*Instructions to follow*. From the first line to the last, copy the listing exactly and omit the images.
──────── Data
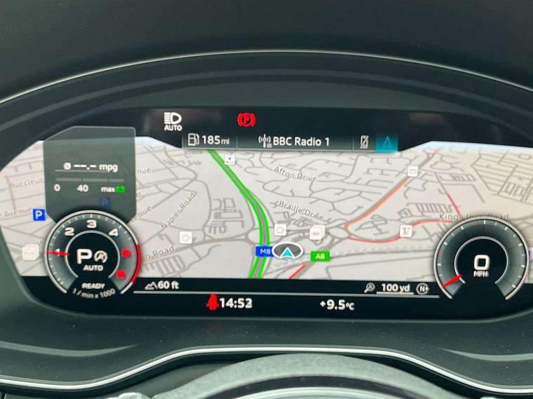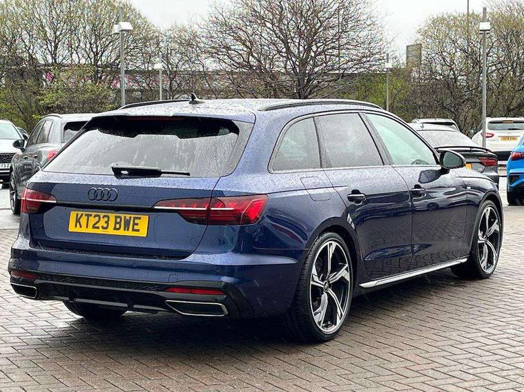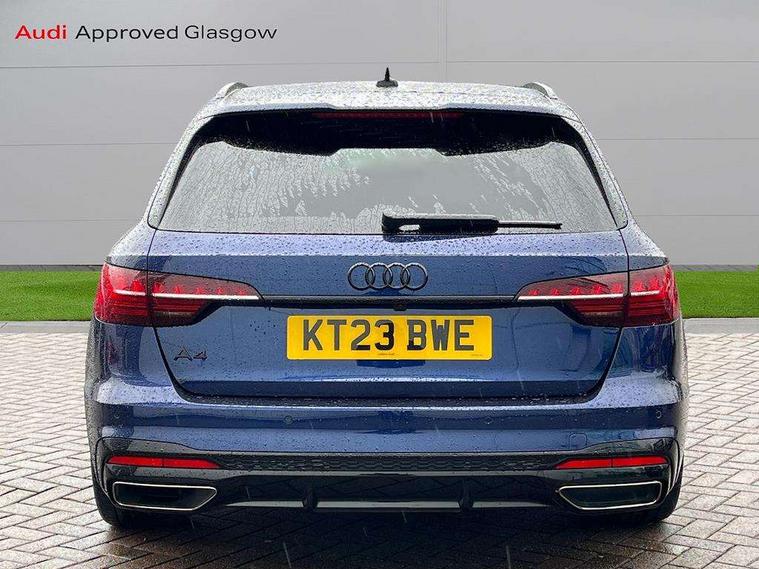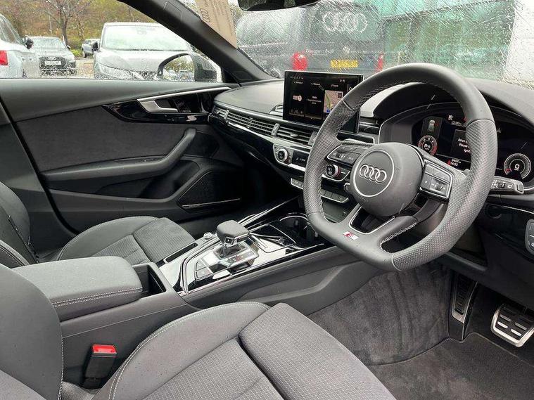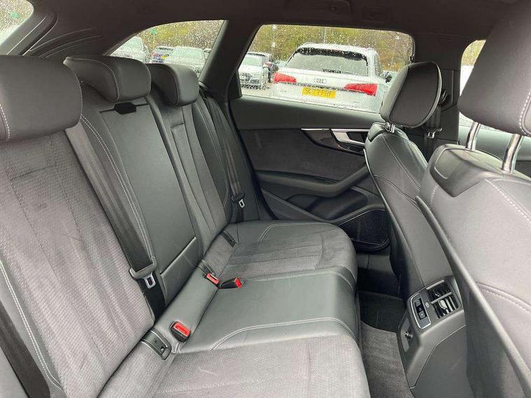 Piano black finish inlay, Black styling pack - A4 Avant, LED Interior light pack - A4/S4, Tyre repair kit, Anti theft alarm, Anti theft wheel bolts, Central locking, Keyless Go, 2 USB charging ports, 8 passive loudspeakers, DAB digital radio reception, 3 rear seatbelts, 6 airbags - Driver, front passenger, curtain and side windows, Attention and drowsiness assist, Electronic Stabilisation Control (ESC) including ABS, ASR and EDL, Hill hold assist, Multi collision brake assist, Pop-up bonnet for pedestrian protection, Pre sense city, Rear door child safety locks, Seatbelt monitoring, Warning triangle and first aid kit, Audi beam uses LEDs to project the audi logo onto the ground as you exit your A4, Auto dimming rear view mirror, Black Audi rings and black badging (model name in black badging, no engine badging), Body colour door handles, Body colour front spoiler lip, Body colour side sill trim, Electrically folding auto dimming/adjustable/heated door mirrors with LED side indicators and kerb view function for passenger side, Exhaust tailpipes in high dark chrome, Grained matt black side air inlets with matt aluminium silver inlay, High beam assistant, High gloss black B pillar trims and triangular rear door trim, LED headlights with LED rear lights + dynamic rear indicators + headlight adjustment and high beam, turning light + LED daytime running lights, LED third brake light, Privacy glass, Rain and light sensors, Rear diffuser in matt black with trim strip in matt aluminium silver, Rear side wing doors, Rear wiper, RS4 rear spoiler in body colour, S Line roof edge spoiler, Sport front and rear bumpers with side skirts, Variable intermittent front wash/wipe, Windscreen with acoustic glazing, 4 way electric lumbar support for driver and front passenger, 40/20/40 split folding 3 rear seat bench in 3 parts with rear centre armrest, Black cloth headlining, Black perforated leather gearknob, Contrast stitching on seats, steering wheel and gear lever gaiter, Deluxe 3 zone electronic climate control, Door sill trims with aluminium inlay, Electric load area cover, Front and rear head restraints, Front centre armrest, Heated front seats, Illuminated door sill trims with S logo, ISOFIX child seat mounting and top tether, Manual seat adjustment, Single front passenger seat, Stainless steel pedals and foot rest, Tool kit, Audi connect safety and service (e-call), Audi drive select, Audi smartphone interface, Audi virtual cockpit, Automatic start-stop system with coasting functionality and efficiency programme, Bluetooth interface, Camera based traffic sign recognition, Electromechanical power steering, Email, calendar and text messages displayed via MMI, Front and rear parking sensors, Lane departure warning, MMI Navigation plus with MMI touch includes 10.1" high resolution colour MMI display, 3D map, Power operated tailgate, Rear view camera, Voice control system, Sports suspension lowered by 23mm,
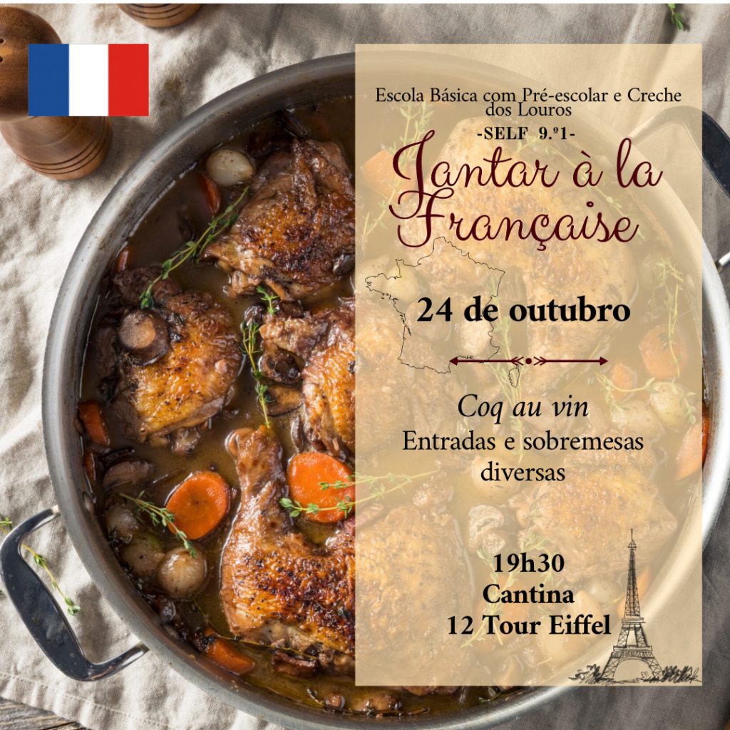 No dia 24 de outubro, pelas 19h30, realizar-se-á um jantar de angariação de fundos, para a concretização da viagem a Paris com os alunos da turma 9.º1, finalistas do projeto SELF (Secção Europeia de Língua Francesa).
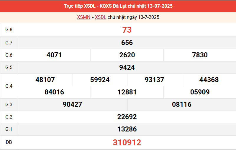 Bảng kết quả Đà Lạt ngày 13/7/2025 tuần trước
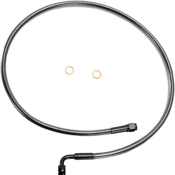 Caracteristicas: Manufactured with an enhanced construction designed to be compatible with Harley-Davidson ABS requirements for stock and alternate length brake lines - designed to follow the same routing path as OEM lines Brake kits consist of a direct fit lower assembly used in conjunction with alternative length upper lines Braid color and weave match all MAGNUM control cables and brake lines - Crystal clear outer jacket offers exceptional protection against scuffing paint or chrome and will never discolor Brake lines are constructed with PTFE inner tubing, DuPont™ Kevlar® aramid fiber, premium Signature Magnum braids and an outer PVC jacket to greatly reduce line expansion Upper, lower, mid brake line and adapter kits are sold separately to for a perfect fit. Compliant with all DOT FMVSS-106 requirements Assembled in the U.S.A. DuPont™ and Kevlar® are trademarks or registered trademarks of E.I. du Pont de Nemours and Company. Single disc Dyna and Sportster models use two kits – one upper and one lower. Softail models utilize 3 kits (except '18+ dual disc), with the lower being optional on all. Upper kits are required for handlebar changes; by using either an upper brake line adapter or for '11 - '17 Softail models, the optional ABS Lower Brake Line Kit which includes the adapter. Adapter for Softail models allows the upper brake line to complete the connection from the ABS controller ('11 - '17) or lower brake line ('18+) to the master cylinder If replacing the stock lower brake line assembly on '18+ dual disc Softails, an adapter is NOT needed. Using AN-3 fittings, the upper line connects directly to the Magnum lower assembly Dual disc Touring models use three kits - one upper, one lower and one mid-line. Trike models use two kits - one upper and one mid-line. No lower is available. A Designer mid-line and upper line is required for all Touring and Trike models with ABS. The mid-line connects to the upper brake line in the fairing or nacelle and completes the routing from the master cylinder to the ABS controller. A lower kit is optional. Non-stock applications require taking a measurement for upper brake line length and banjo angle to ensure correct fitment (see How to Order) Harley-Davidson motorcycles equipped with ABS (anti-lock brake system) require ABS specific upper and lower brake line kits.  Failure to do so may result in compromised anti-lock braking ability.  Magnum Shielding upper brake line kits manufactured specifically for these applications are identified with the letters “ABS” printed directly on the brake hose. Upper line length for Softail, Dyna, and '14+ Sportster models is determined by using your stock OE master cylinder brake line as a guide. Pull the rubber boot back and measure from the point at which the soft, flexible line enters the crimp collar on the lower portion. Follow the brake line routing up to your master cylinder. (see diagrams below) '18+ Softail – Upper line replacement when reusing the stock lower brake line. (adapter required) Lengths are determined by using the stock master cylinder line for a guide. Measure from the lower brake line manifold where the upper line attaches, up to the master cylinder.  From that measurement subtract 1.5” for the adapter and round up to the next number to determine upper line length. (see diagram below) '18+ Softail Single Disc Upper and Lower line replacement requires an adapter. (3 kits) Adapter is NOT needed when replacing both the Upper and Lower '18+ Softail Dual Disc brake lines. (2 Kits) The upper line connects directly to the Magnum Designer dual disc lower brake line. Follow the above instruction without subtracting 1.5” for the adapter. Rounded up, the length measured will be correct. Upper line length for Touring and Trike models is measured using the 49" mid-line as a reference to determine additional line length needed to complete the routing from the ABS controller to the master cylinder. That measurement will be your upper line length.
────────────────
*Result*.
 Piano black finish inlay, Black styling pack - A4 Avant, LED Interior light pack - A4/S4, Tyre repair kit, Anti theft alarm, Anti theft wheel bolts, Central locking, Keyless Go, 2 USB charging ports, 8 passive loudspeakers, DAB digital radio reception, 3 rear seatbelts, 6 airbags - Driver, front passenger, curtain and side windows, Attention and drowsiness assist, Electronic Stabilisation Control (ESC) including ABS, ASR and EDL, Hill hold assist, Multi collision brake assist, Pop-up bonnet for pedestrian protection, Pre sense city, Rear door child safety locks, Seatbelt monitoring, Warning triangle and first aid kit, Audi beam uses LEDs to project the audi logo onto the ground as you exit your A4, Auto dimming rear view mirror, Black Audi rings and black badging (model name in black badging, no engine badging), Body colour door handles, Body colour front spoiler lip, Body colour side sill trim, Electrically folding auto dimming/adjustable/heated door mirrors with LED side indicators and kerb view function for passenger side, Exhaust tailpipes in high dark chrome, Grained matt black side air inlets with matt aluminium silver inlay, High beam assistant, High gloss black B pillar trims and triangular rear door trim, LED headlights with LED rear lights + dynamic rear indicators + headlight adjustment and high beam, turning light + LED daytime running lights, LED third brake light, Privacy glass, Rain and light sensors, Rear diffuser in matt black with trim strip in matt aluminium silver, Rear side wing doors, Rear wiper, RS4 rear spoiler in body colour, S Line roof edge spoiler, Sport front and rear bumpers with side skirts, Variable intermittent front wash/wipe, Windscreen with acoustic glazing, 4 way electric lumbar support for driver and front passenger, 40/20/40 split folding 3 rear seat bench in 3 parts with rear centre armrest, Black cloth headlining, Black perforated leather gearknob, Contrast stitching on seats, steering wheel and gear lever gaiter, Deluxe 3 zone electronic climate control, Door sill trims with aluminium inlay, Electric load area cover, Front and rear head restraints, Front centre armrest, Heated front seats, Illuminated door sill trims with S logo, ISOFIX child seat mounting and top tether, Manual seat adjustment, Single front passenger seat, Stainless steel pedals and foot rest, Tool kit, Audi connect safety and service (e-call), Audi drive select, Audi smartphone interface, Audi virtual cockpit, Automatic start-stop system with coasting functionality and efficiency programme, Bluetooth interface, Camera based traffic sign recognition, Electromechanical power steering, Email, calendar and text messages displayed via MMI, Front and rear parking sensors, Lane departure warning, MMI Navigation plus with MMI touch includes 10.1" high resolution colour MMI display, 3D map, Power operated tailgate, Rear view camera, Voice control system, Sports suspension lowered by 23mm,
 No dia 24 de outubro, pelas 19h30, realizar-se-á um jantar de angariação de fundos, para a concretização da viagem a Paris com os alunos da turma 9.º1, finalistas do projeto SELF (Secção Europeia de Língua Francesa).
 Bảng kết quả Đà Lạt ngày 13/7/2025 tuần trước
 Caracteristicas: Manufactured with an enhanced construction designed to be compatible with Harley-Davidson ABS requirements for stock and alternate length brake lines - designed to follow the same routing path as OEM lines Brake kits consist of a direct fit lower assembly used in conjunction with alternative length upper lines Braid color and weave match all MAGNUM control cables and brake lines - Crystal clear outer jacket offers exceptional protection against scuffing paint or chrome and will never discolor Brake lines are constructed with PTFE inner tubing, DuPont™ Kevlar® aramid fiber, premium Signature Magnum braids and an outer PVC jacket to greatly reduce line expansion Upper, lower, mid brake line and adapter kits are sold separately to for a perfect fit. Compliant with all DOT FMVSS-106 requirements Assembled in the U.S.A. DuPont™ and Kevlar® are trademarks or registered trademarks of E.I. du Pont de Nemours and Company. Single disc Dyna and Sportster models use two kits – one upper and one lower. Softail models utilize 3 kits (except '18+ dual disc), with the lower being optional on all. Upper kits are required for handlebar changes; by using either an upper brake line adapter or for '11 - '17 Softail models, the optional ABS Lower Brake Line Kit which includes the adapter. Adapter for Softail models allows the upper brake line to complete the connection from the ABS controller ('11 - '17) or lower brake line ('18+) to the master cylinder If replacing the stock lower brake line assembly on '18+ dual disc Softails, an adapter is NOT needed. Using AN-3 fittings, the upper line connects directly to the Magnum lower assembly Dual disc Touring models use three kits - one upper, one lower and one mid-line. Trike models use two kits - one upper and one mid-line. No lower is available. A Designer mid-line and upper line is required for all Touring and Trike models with ABS. The mid-line connects to the upper brake line in the fairing or nacelle and completes the routing from the master cylinder to the ABS controller. A lower kit is optional. Non-stock applications require taking a measurement for upper brake line length and banjo angle to ensure correct fitment (see How to Order) Harley-Davidson motorcycles equipped with ABS (anti-lock brake system) require ABS specific upper and lower brake line kits.  Failure to do so may result in compromised anti-lock braking ability.  Magnum Shielding upper brake line kits manufactured specifically for these applications are identified with the letters “ABS” printed directly on the brake hose. Upper line length for Softail, Dyna, and '14+ Sportster models is determined by using your stock OE master cylinder brake line as a guide. Pull the rubber boot back and measure from the point at which the soft, flexible line enters the crimp collar on the lower portion. Follow the brake line routing up to your master cylinder. (see diagrams below) '18+ Softail – Upper line replacement when reusing the stock lower brake line. (adapter required) Lengths are determined by using the stock master cylinder line for a guide. Measure from the lower brake line manifold where the upper line attaches, up to the master cylinder.  From that measurement subtract 1.5” for the adapter and round up to the next number to determine upper line length. (see diagram below) '18+ Softail Single Disc Upper and Lower line replacement requires an adapter. (3 kits) Adapter is NOT needed when replacing both the Upper and Lower '18+ Softail Dual Disc brake lines. (2 Kits) The upper line connects directly to the Magnum Designer dual disc lower brake line. Follow the above instruction without subtracting 1.5” for the adapter. Rounded up, the length measured will be correct. Upper line length for Touring and Trike models is measured using the 49" mid-line as a reference to determine additional line length needed to complete the routing from the ABS controller to the master cylinder. That measurement will be your upper line length.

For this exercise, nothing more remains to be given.